Schock 41

Development
- Designer: William E. Cook
- Location: United States
- Year: 1983
- No. built: 5
- Builder: W. D. Schock Corp
- Role: Racer
- Name: Schock 41

Boat
- Displacement: 15,800 lb (7,167 kg)
- Draft: 7.50 ft (2.29 m)

Hull
- Type: monohull
- Construction: fiberglass
- LOA: 40.75 ft (12.42 m)
- LWL: 32.17 ft (9.81 m)
- Beam: 12.92 ft (3.94 m)
- Engine: Pathfinder 50 hp (37 kW) diesel engine

Hull appendages
- Keel: fin keel
- Ballast: 7,500 lb (3,402 kg)
- Rudder: internally-mounted spade-type rudder

Rig
- Rig type: Bermuda rig
- I foretriangle height: 54.60 ft (16.64 m)
- J foretriangle base: 16.20 ft (4.94 m)
- P mainsail luff: 48.00 ft (14.63 m)
- E mainsail foot: 15.00 ft (4.57 m)

Sails
- Sailplan: masthead sloop
- Mainsail area: 360.00 sq ft (33.445 m^{2})
- Jib/genoa area: 442.26 sq ft (41.087 m^{2})
- Spinnaker area: 789 sq ft (73.3 m^{2})
- Total sail area: 802.26 sq ft (74.532 m^{2})

Racing
- Class association: IOR

= Schock 41 =

Sailboat class

The Schock 41 Grand Prix is an American sailboat that was designed by William E. Cook as an International Offshore Rule (IOR) racer and first built in 1983.

==Production==
The design was built by W. D. Schock Corp in the United States, from 1983 until 1985, with five boats completed, but it is now out of production.

==Design==
The prototype was raced in the 1984 Southern Ocean Racing Conference (SORC) with a crew that included builder Tom Schock and the designer, William E. Cook. Experience from those races was used to refine the design for production. The intention was to create a less-expensive, production, high performance IOR racing boat in a field that was at that time dominated by custom-built boats.

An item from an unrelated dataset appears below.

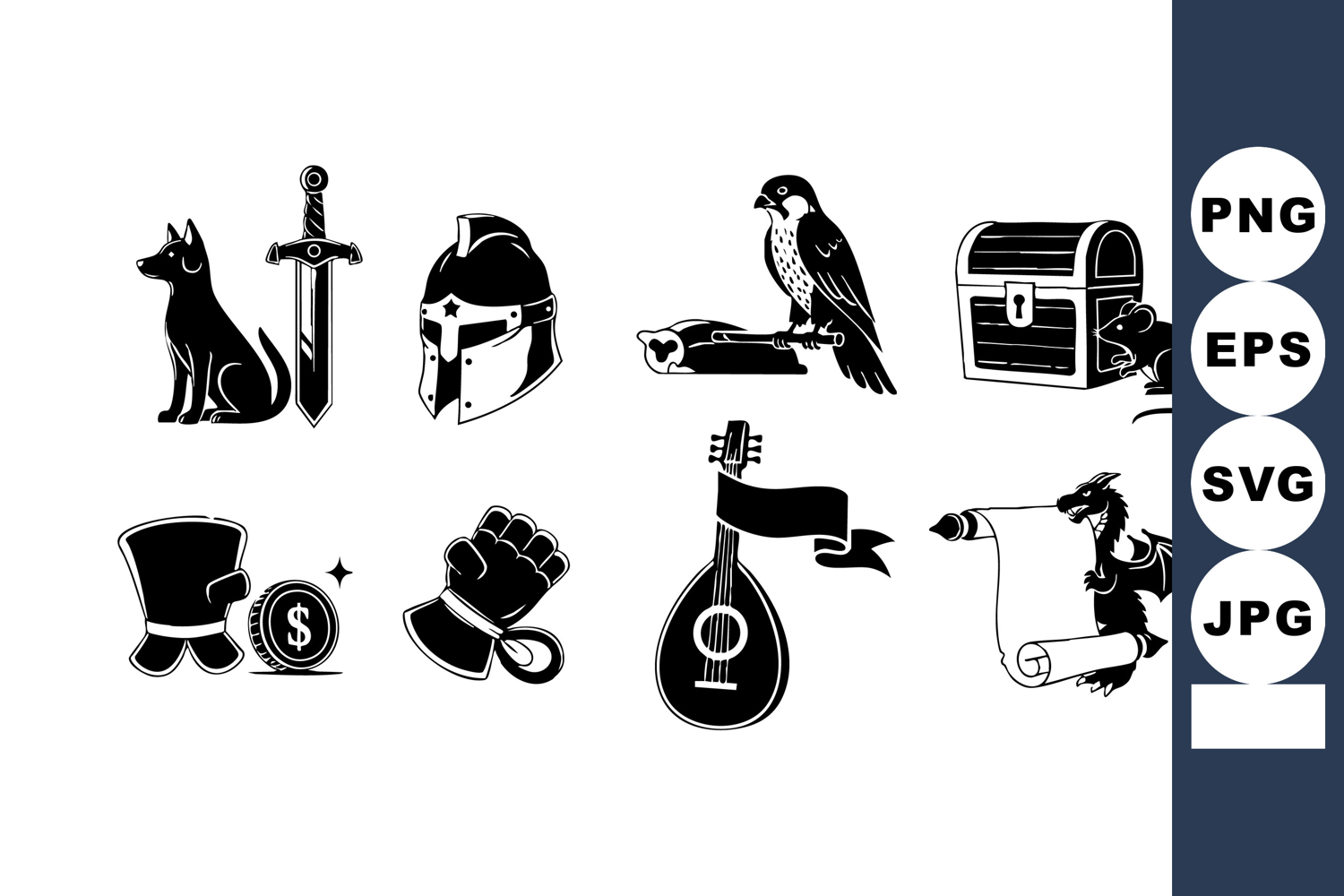 Medieval fantasy icons with dog sword helmet falcon example image 1
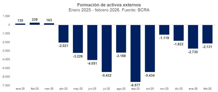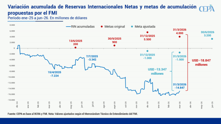 Según los criterios establecidos por el FMI en el acuerdo 2025, las reservas netas debían ubicarse, a marzo de 2026, USD 1.500 millones por debajo de diciembre de 2024. Sin embargo, el BCRA perdió constantemente divisas, hasta situarse USD 14.500 millones por debajo.

The Schock 41 is a racing keelboat, built predominantly of fiberglass, with a Baltek CK-57 balsa core in the hull and deck for lightness, and with wood trim. It has a masthead sloop rig, a raked stem, a reverse transom, an internally mounted spade-type rudder controlled by a tiller and a fixed fin keel. It displaces 15800 lb and carries 7500 lb of lead ballast.

The boat has a draft of 7.50 ft with the standard keel.

The boat is fitted with a Pathfinder diesel engine of 50 hp for docking and maneuvering. The fuel tank holds 20 u.s.gal and the fresh water tank also has a capacity of 20 u.s.gal.

The design has sleeping accommodation for six people, with two straight settee berths in the main cabin, two pilot berths above and two pipe berths under the cockpit. The galley is located on the port side just forward of the companionway ladder. The galley is L-shaped and is equipped with a stove, ice box and a sink. A navigation station is opposite the galley, on the starboard side. The engine cover box provides a mount for the drop-leaf table, with space for eight people. The cabin sole is teak and holly. The head is located in the bow on the port side.

For sailing downwind the design may be equipped with a symmetrical spinnaker of 789 sqft.

The design has a hull speed of 7.6 kn.

==Operational history==
In a 1984 review for Yachting, Chris Caswell noted, "the Schock 41 Grand Prix is delivered with an extensive inventory of equipment, including 14 Barient winches, spinnaker pole and reaching strut, Navtec hydraulics, Martec folding prop, and Kevlar sheets. Post-SORC changes have dropped the IOR rating to 31.5, making the boat highly competitive."